## What you are asked to do
The pictures are to be left out, and all remaining data is to be transcribed exactly as it appears.
── Collected data
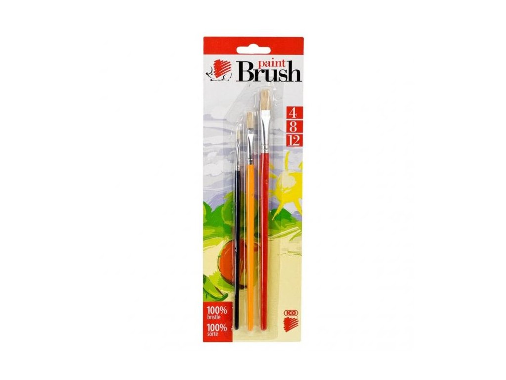 Sada 3 plochých školských štetcov s farebnou rúčkou. Štetina 100% poník. Ideálne na maľovanie vodovými a temperovými farbami. Šírka štetiny 4-8-12 mm.Dodatočné parametre
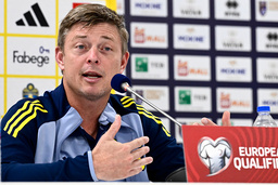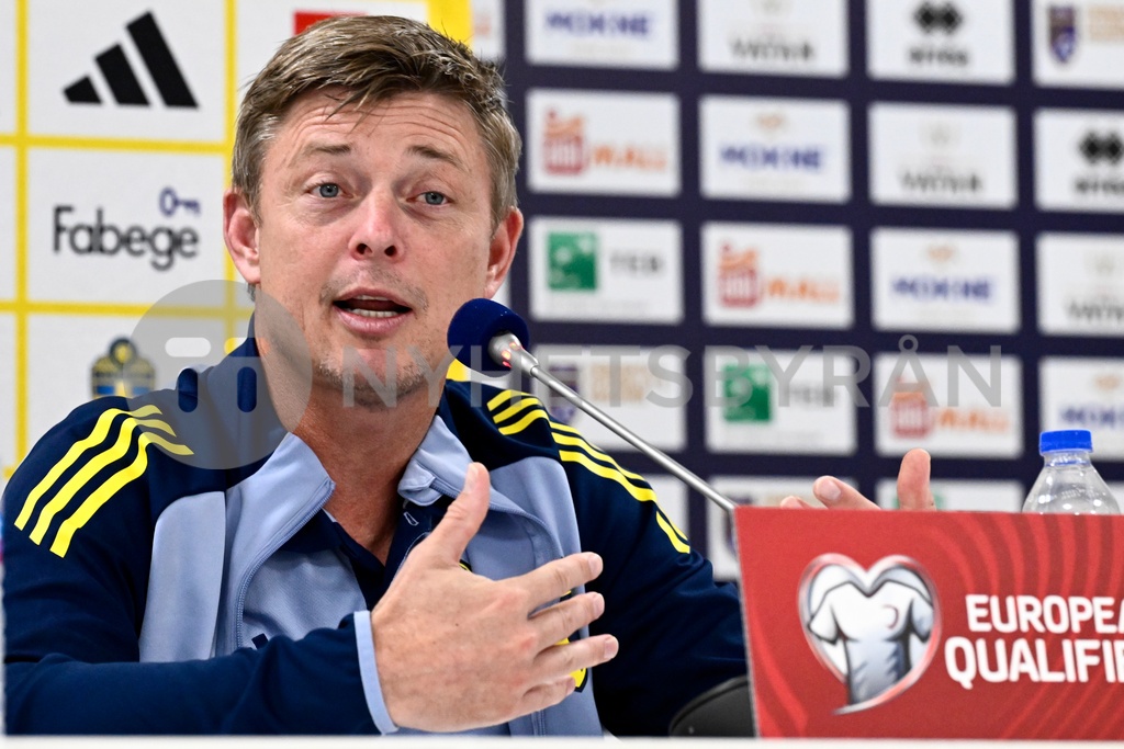 PRISTINA, KOSOVO 20250907 Förbundskaptenen Jon Dahl Tomasson under pressträffen på Fadil Vokrri stadion i Pristina inför måndagens VM-kvalmatchen i grupp B mellan Kosovo och Sverige. *** Bilden ingår i SPORTPAKET. För övriga BETALBILD *** Foto: Jonas Ekströmer / TT / Kod 10030
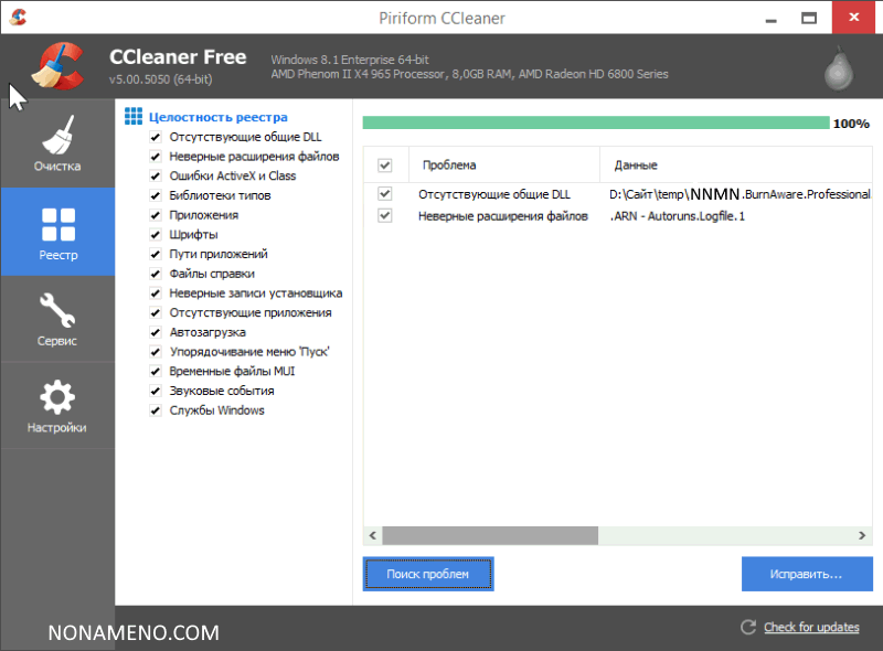 Интегрированный в программное обеспечение чистильщик реестра даёт возможность выполнять проверку, обнаруживать проблемки и находя не применяемые записи. Стираются не применяемые расширения файлов, компоненты управления ActiveX, ClassID, ProgID, единые библиотеки DLL, ссылочки на стертые из ОС шрифты, данные справки, иконки, неправильные ярлычки и другое.
────
## Response box
 Sada 3 plochých školských štetcov s farebnou rúčkou. Štetina 100% poník. Ideálne na maľovanie vodovými a temperovými farbami. Šírka štetiny 4-8-12 mm.Dodatočné parametre
 PRISTINA, KOSOVO 20250907 Förbundskaptenen Jon Dahl Tomasson under pressträffen på Fadil Vokrri stadion i Pristina inför måndagens VM-kvalmatchen i grupp B mellan Kosovo och Sverige. *** Bilden ingår i SPORTPAKET. För övriga BETALBILD *** Foto: Jonas Ekströmer / TT / Kod 10030
 Интегрированный в программное обеспечение чистильщик реестра даёт возможность выполнять проверку, обнаруживать проблемки и находя не применяемые записи. Стираются не применяемые расширения файлов, компоненты управления ActiveX, ClassID, ProgID, единые библиотеки DLL, ссылочки на стертые из ОС шрифты, данные справки, иконки, неправильные ярлычки и другое.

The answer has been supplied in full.